• **WORK ITEM**:
Apart from the pictures, every record here must be copied word for word.

(Dataset records)
[Start of Attachment]

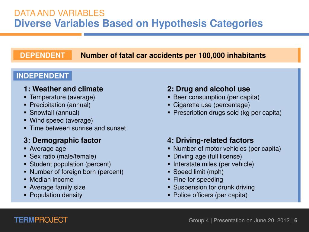 Data and VariablesDiverse Variables Based on Hypothesis Categories Number of fatal car accidents per 100,000 inhabitants DEPENDENT INDEPENDENT • 1: Weather and climate • Temperature (average) • Precipitation (annual) • Snowfall (annual) • Wind speed (average) • Time between sunrise and sunset • 2: Drug and alcohol use • Beer consumption (per capita) • Cigarette use (percentage) • Prescription drugs sold (kg per capita) • 3: Demographic factor • Average age • Sex ratio (male/female) • Student population (percent) • Number of foreign born (percent) • Median income • Average family size • Population density • 4: Driving-related factors • Number of motor vehicles (per capita) • Driving age (full license) • Interstate miles (per vehicle) • Speed limit (mph) • Fine for speeding • Suspension for drunk driving • Police officers (per capita)
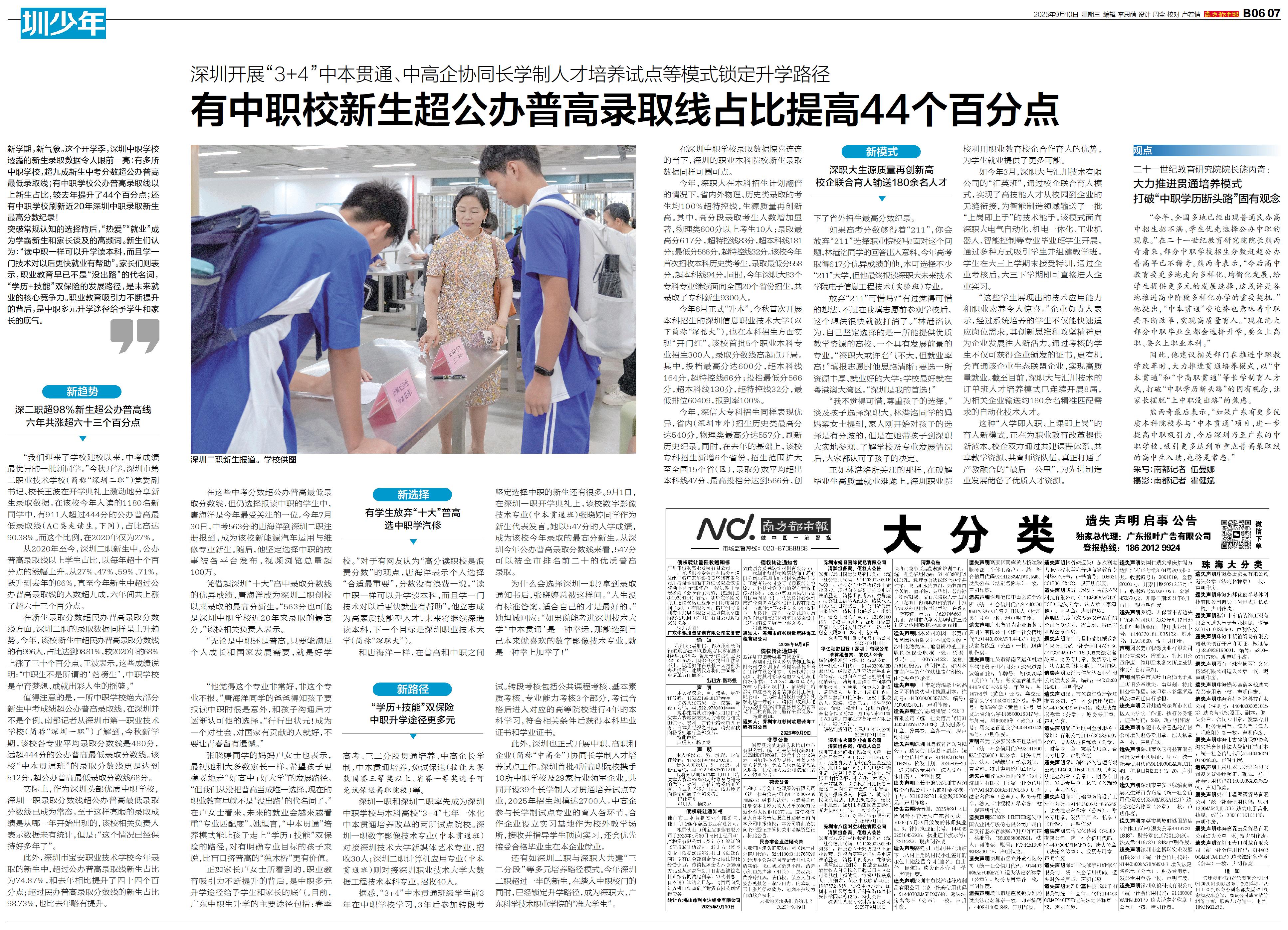 新学期,新气象。这个开学季,深圳中职学校透露的新生录取数据令人眼前一亮:有多所中职学校,超九成新生中考分数超公办普高最低录取线;有中职学校公办普高录取线以上新生占比,较去年提升了44个百分点;还有中职学校刷新近20年深圳中职录取新生最高分数纪录!
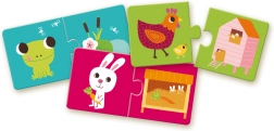 Disse enkle to-delte puslespil er ideelle for børn, der begynder med puslespil. Store og solide brikker med en tykkelse på ca. 3 mm gør det lettere at samle og sikrer lang holdbarhed.
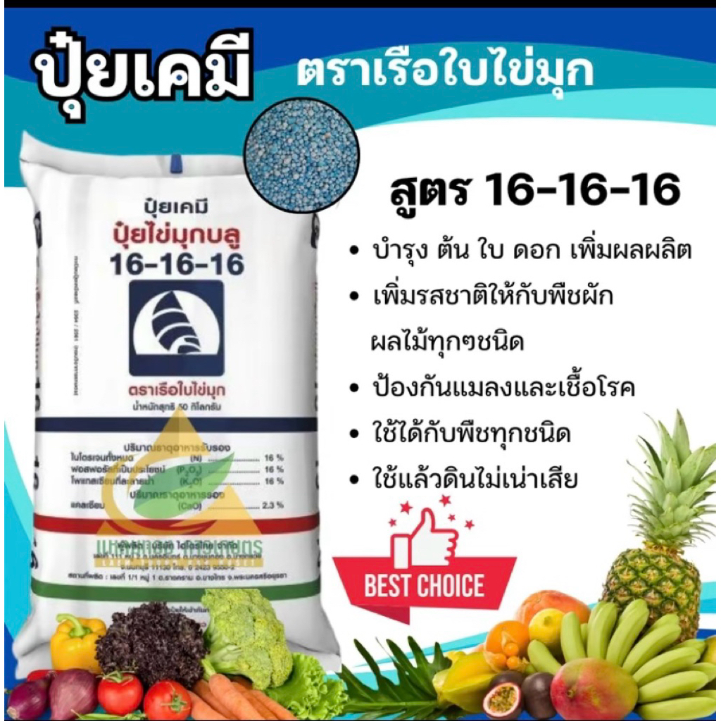ปุ๋ย16-16-16 1กิโล❌สีเขียว❌ตราเรือใบ เม็ดสีฟ้า ปุ๋ยสูตรเสมอ ปุ๋ยเร่งต้น เร่งดอก เร่งผล เร่งการเจริญเติบโตแบบตักแบ่ง
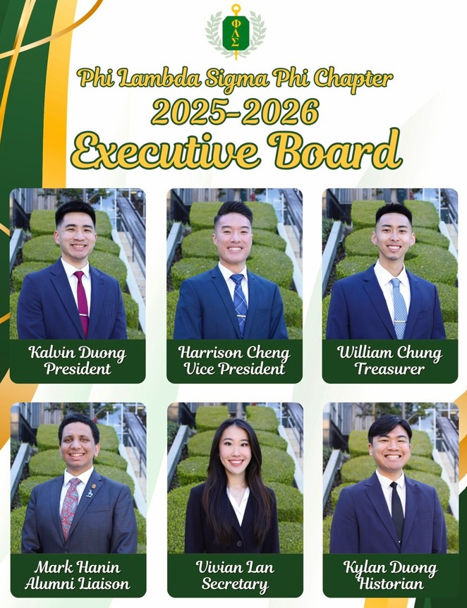 The Phi Chapter is represented by the top leaders of the USC Mann School of Pharmacy. Membership is exclusive, and deservingly so, because it reflects the quality of students selected. However, in no way is Phi Lambda Sigma an “officer’s club.” Membership, although exclusive, is not out of reach. Members are chosen into this society, not based on the number of positions held, but on one’s initiative and performance as a leader in all facets of pharmacy. These include, but are not limited to, involvement in professional organizations, committees, organizational activities, and school activities, as well as leadership positions related to pharmacy. The initiation and success of new ideas and activities is highly regarded, since simply holding a position is not necessarily synonymous with being a leader. The ability to work well and communicate with others on a professional basis is fundamental. This support from your colleagues is of utmost importance in order for good ideas to be transformed into actions. We encourage you to become and remain involved in the multitude of organizations on campus. Further, we encourage you to initiate change and push the profession to new heights. If you would like more information, or if you have any questions regarding the society, please do not hesitate to contact us.
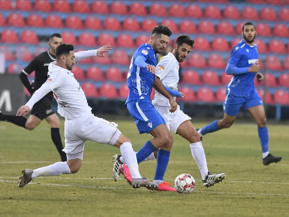 Ionut Stoica, Catalin Stefan Tira si Alfonso Taira in meciul de fotbal dintre FC Voluntari si AFC Hermannstadt, contand pentru Liga 1 Casa Pariurilor, disputat pe Stadionul Anghel Iordanescu din Voluntari, sambata 22 februarie 2019. © FOTO:Razvan Pasarica/SPORT PICTURES
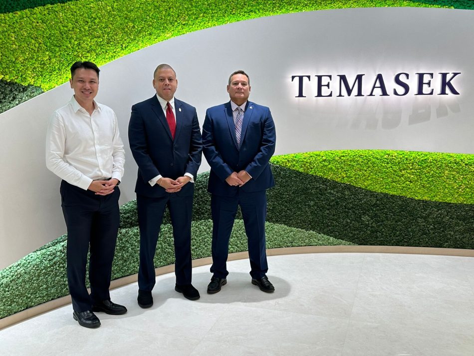 Minister for Financial Services & Commerce Hon. Andre Ebanks and Cayman Islands Government representative to Asia Gene DaCosta with Mr. Shawn Huang Wei Zhong, MP of Temasek, a Singaporean Sovereign Wealth Fund.

[End of Attachment]

• **EXPECTED ANSWER**:
 Data and VariablesDiverse Variables Based on Hypothesis Categories Number of fatal car accidents per 100,000 inhabitants DEPENDENT INDEPENDENT • 1: Weather and climate • Temperature (average) • Precipitation (annual) • Snowfall (annual) • Wind speed (average) • Time between sunrise and sunset • 2: Drug and alcohol use • Beer consumption (per capita) • Cigarette use (percentage) • Prescription drugs sold (kg per capita) • 3: Demographic factor • Average age • Sex ratio (male/female) • Student population (percent) • Number of foreign born (percent) • Median income • Average family size • Population density • 4: Driving-related factors • Number of motor vehicles (per capita) • Driving age (full license) • Interstate miles (per vehicle) • Speed limit (mph) • Fine for speeding • Suspension for drunk driving • Police officers (per capita)
 新学期,新气象。这个开学季,深圳中职学校透露的新生录取数据令人眼前一亮:有多所中职学校,超九成新生中考分数超公办普高最低录取线;有中职学校公办普高录取线以上新生占比,较去年提升了44个百分点;还有中职学校刷新近20年深圳中职录取新生最高分数纪录!
 Disse enkle to-delte puslespil er ideelle for børn, der begynder med puslespil. Store og solide brikker med en tykkelse på ca. 3 mm gør det lettere at samle og sikrer lang holdbarhed.
ปุ๋ย16-16-16 1กิโล❌สีเขียว❌ตราเรือใบ เม็ดสีฟ้า ปุ๋ยสูตรเสมอ ปุ๋ยเร่งต้น เร่งดอก เร่งผล เร่งการเจริญเติบโตแบบตักแบ่ง
 The Phi Chapter is represented by the top leaders of the USC Mann School of Pharmacy. Membership is exclusive, and deservingly so, because it reflects the quality of students selected. However, in no way is Phi Lambda Sigma an “officer’s club.” Membership, although exclusive, is not out of reach. Members are chosen into this society, not based on the number of positions held, but on one’s initiative and performance as a leader in all facets of pharmacy. These include, but are not limited to, involvement in professional organizations, committees, organizational activities, and school activities, as well as leadership positions related to pharmacy. The initiation and success of new ideas and activities is highly regarded, since simply holding a position is not necessarily synonymous with being a leader. The ability to work well and communicate with others on a professional basis is fundamental. This support from your colleagues is of utmost importance in order for good ideas to be transformed into actions. We encourage you to become and remain involved in the multitude of organizations on campus. Further, we encourage you to initiate change and push the profession to new heights. If you would like more information, or if you have any questions regarding the society, please do not hesitate to contact us.
 Ionut Stoica, Catalin Stefan Tira si Alfonso Taira in meciul de fotbal dintre FC Voluntari si AFC Hermannstadt, contand pentru Liga 1 Casa Pariurilor, disputat pe Stadionul Anghel Iordanescu din Voluntari, sambata 22 februarie 2019. © FOTO:Razvan Pasarica/SPORT PICTURES
 Minister for Financial Services & Commerce Hon. Andre Ebanks and Cayman Islands Government representative to Asia Gene DaCosta with Mr. Shawn Huang Wei Zhong, MP of Temasek, a Singaporean Sovereign Wealth Fund.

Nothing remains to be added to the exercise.